Lynne Burroughs, a retired high school teacher and current board chair, added that the high school was better equipped with computers from the start than the elementary schools.
"You have to start somewhere," she said.
The current strategy was developed by a team that analyzed the district's needs as it moves forward to meet state and federal requirements for technology, Dalton said.
Superintendent Walt Wegener added that research shows that students must have "intentional and sustained" instruction to gain the most from it. That's why younger students are being introduced to the new systems first.
"Students in K-6 need to have it before we launch it at the high school," Wegener said.
That includes the use of Promethean boards, an interactive white board, also known as a smart board, that allows teachers to provide instruction via a computer and projection system.

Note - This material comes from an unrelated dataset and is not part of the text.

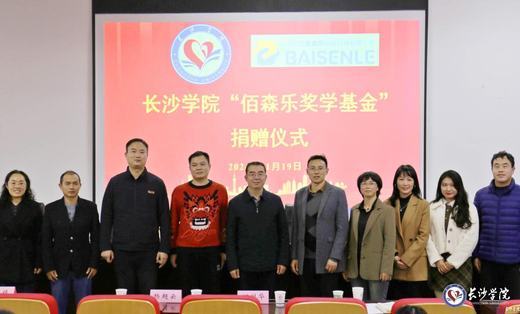 11月19日下午,长沙学院“佰森乐奖学基金”捐赠仪式在学校长智楼C501会议室举行。外国语学院2012届毕业生,深圳市佰森乐网络科技有限公司创始人、总经理杨超云校友再次向母校捐赠15万元并设立“佰森乐奖学基金”。学校党委委员、副校长何利华出席捐赠仪式并为杨超云颁发“优秀校友”荣誉证书。招生与就业指导处(校友会)处长黎文普、学生工作处处长张镇及外国语学院师生代表参加。捐赠仪式由黎文普主持。

As part of the system, students can answer questions via hand-held "clickers" from their seats, which encourages participation from all students, the administrators said.
"Students, parents, PTOs see them and they demand them," Dalton said. "And they raise the money to pay for them."

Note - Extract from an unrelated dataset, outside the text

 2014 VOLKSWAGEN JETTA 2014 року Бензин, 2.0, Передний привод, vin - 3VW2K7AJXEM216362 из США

There are now smart boards in every classroom in Grades 1-6. Some have been added at the middle school and high school, and more will be purchased later, Dalton said.
Nearly 80 percent of the smart board technology has been purchased with grant money and with funding provided by Parent-Teacher organizations and other sources, Dalton said.
Knight expressed concern about "forcing" teachers to use the smart boards to which Wegener replied that teacher training is an integral part of the district's technology plan and teachers will be expected to "join the universe where it is now."
Because of Tuesday's lengthy agenda, Burroughs proposed scheduling another work session to continue the discussion, but Knight agreed to put the matter to rest. He did insist on having one last word on the matter, however.
He said he disagrees with the district's emphasis on technology, adding that he believes the community would prefer more student-teacher contact instead.
In a telephone conversation Wednesday, Knight said he is not opposed to technology.
"I'm a pro tech guy," he said. "But there are certain tech things we can purchase for the district that are a lot cheaper."
In other business Tuesday night, the board agreed to honor a great former Baker High School athlete by approving an official name for the BHS track.
It will now be known as the Dan Kelly Memorial Track in honor of the young man who won a silver medal in the broad jump at the 1908 Olympics in London as a member of the United States track and field team.
Baker High School principal Jerry Peacock said the BHS Leadership class became interested in honoring Kelly after his story was told by Baker City historian Gary Dielman. Dielman's story was published in the Nov. 25, 2009, edition of the Baker City Herald.
Kelly grew up in Baker City and in 1906, as a University of Oregon sophomore, he claimed the 100-yard-dash world record at a meet in Spokane, Wash. His time of 9.6 seconds, stood for 23 years. Kelly also won the broad jump and set another record in the 220-yard dash during the Spokane competition.
Peacock said today that with funding provided by the Leo Adler Foundation, the high school plans to install a windbreak on the north end of the track. Archways and a kiosk with information about Kelly also will be incorporated into the project.
In other action Tuesday night, the board accepted the audit as presented by Mitch Saul of the Oster Professional Group accounting firm in John Day.
Saul praised the efforts of the district to improve accounting practices.
"As far as anything significant, this is essentially a clean audit," he told the board.